*** Source material

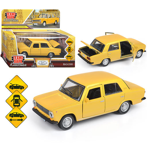 • Машина металл ВАЗ-2101 12 см, (двери, багаж, желтый) инерц, в коробке
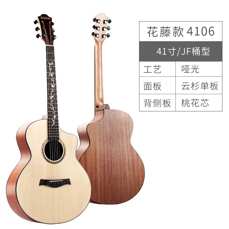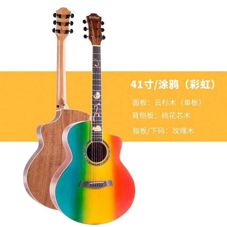 41寸单板民谣吉他guitar 云杉木涂鸦指板成人木吉他jita面单 乐器
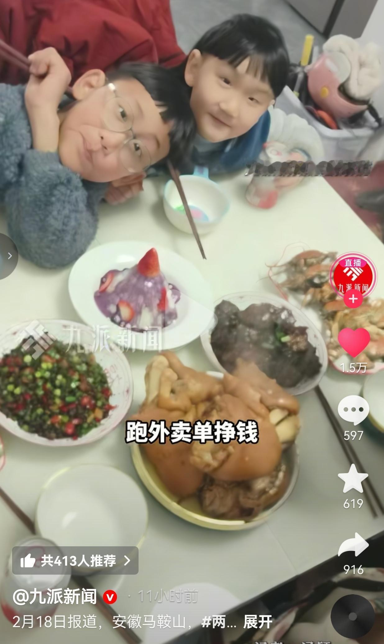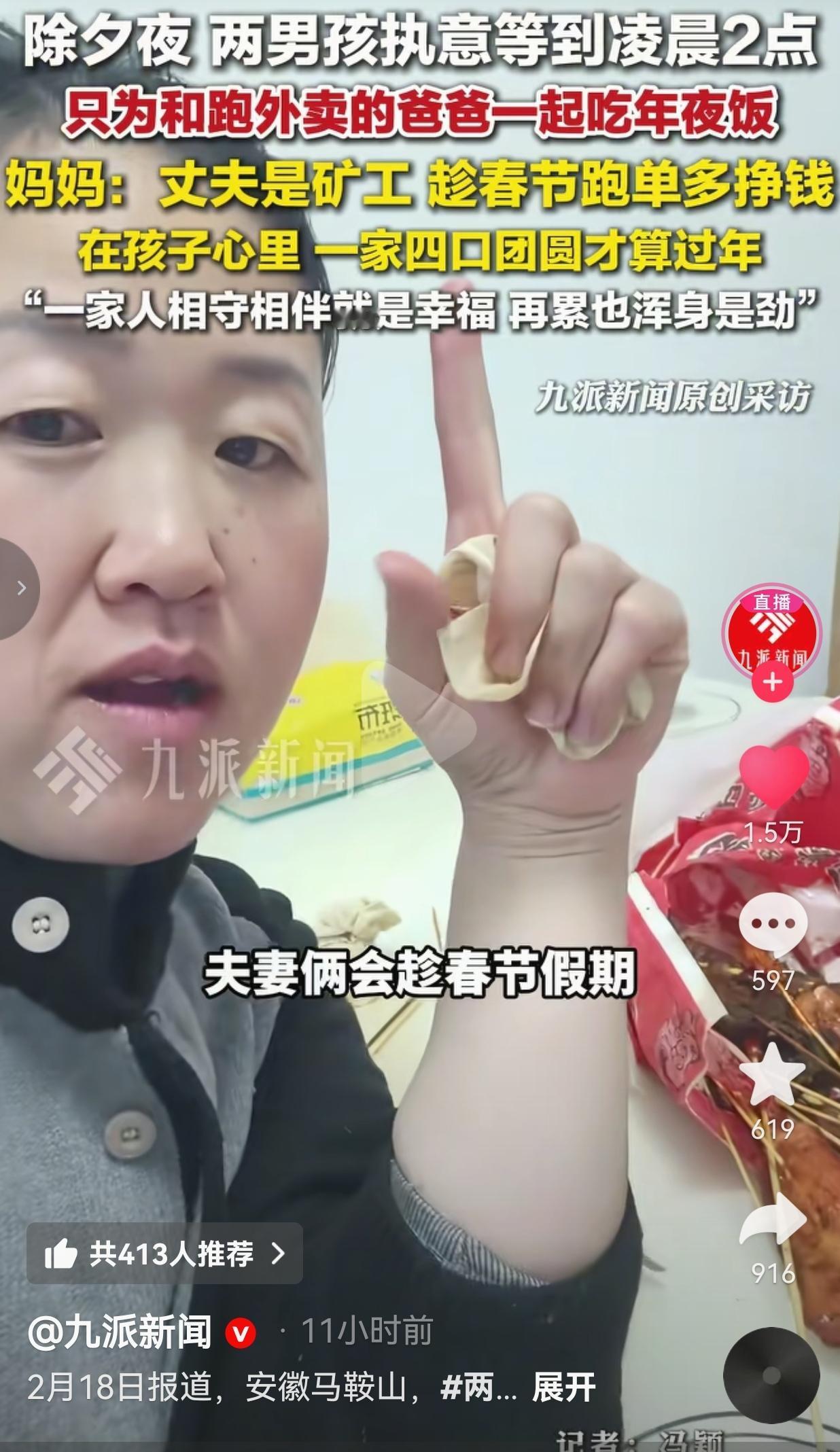 孩子这么懂事,就是再苦再累也值得了!安徽马鞍山的这个除夕夜,没有豪华的年夜饭,却戳中了无数人的心窝子。 姚女士的丈夫原本是矿工,为了多挣点钱,夫妻俩已经连续3年春节跑外卖了。 别人过年是休息,他们过年是“冲刺”,就为了多挣点钱,给孩子更好的生活。 除夕夜,家家户户都在吃团圆饭的时候,他还在寒风里穿梭,送着一单又一单,没能在零点前吃上团圆饭。 家里的两个孩子,13岁的大儿子和8岁的小儿子,却执拗地守在桌前,坚决不肯先吃,只吃了点干果零食垫肚子,饭菜热了又热,一直等到凌晨2点,执意等爸爸回家。 今年因为特殊情况,爸爸没来得及给孩子包红包,他们却格外懂事,甚至主动提出可以不买新衣,让妈妈姚女士既心疼又欣慰。 当爸爸终于脱下头盔、拎着外卖袋进门时,俩娃“扑通”一声跪在地上,主动磕头拜年,然后一家人围坐在一起,吃了一顿迟到却无比温暖的年夜饭。 妈妈说:“在孩子心里,一家四口团圆才算过年。”爸爸也红着眼眶说:“一家人相守相伴就是幸福,再累也浑身是劲。” 网友们看完视频,纷纷破防,有的网友说:“看哭了,这才是真正的年味儿。” 也有的网友说: “我爸也是外卖员,我知道那种在寒风里等他回家的滋味。” 还有的网友说: “钱可以慢慢挣,但家人的等待,才是我们拼命的意义。” 是啊,我们总以为,过年要吃大鱼大肉,要穿新衣戴新帽。可这两个孩子用行动告诉我们:年,从来不是一桌菜,而是“人齐了”。 他们不懂什么是生活的艰辛,只知道:爸爸还没回家,年夜饭就不算开始。他们用最纯粹的方式,守护着对“团圆”的执念。 这两个孩子,在最该撒娇的年纪,却早早懂得了体谅和感恩。他们没有抱怨爸爸不能陪他们看春晚,也没有因为没拿到红包、没穿新衣而闹脾气,而是选择用等待和跪拜,表达对爸爸的爱与尊重。 妈妈说,孩子知道爸爸辛苦,所以从不闹着要这要那。他们知道,爸爸跑的每一单,都是为了这个家。 最好的教育,从来不是给孩子灌输大道理,而是让他们亲眼看见:爱,不是挂在嘴边的甜言蜜语,而是藏在每一次等待、每一顿热饭里的深情。 大家觉得呢?欢迎大家评论区讨论留言。

******

Output exactly the span of lines from the top of the listing through the line holding "41寸单板民谣吉他guitar 云杉木涂鸦指板成人木吉他jita面单 乐器", and leave every picture out.

#### Solved problem
 • Машина металл ВАЗ-2101 12 см, (двери, багаж, желтый) инерц, в коробке
 41寸单板民谣吉他guitar 云杉木涂鸦指板成人木吉他jita面单 乐器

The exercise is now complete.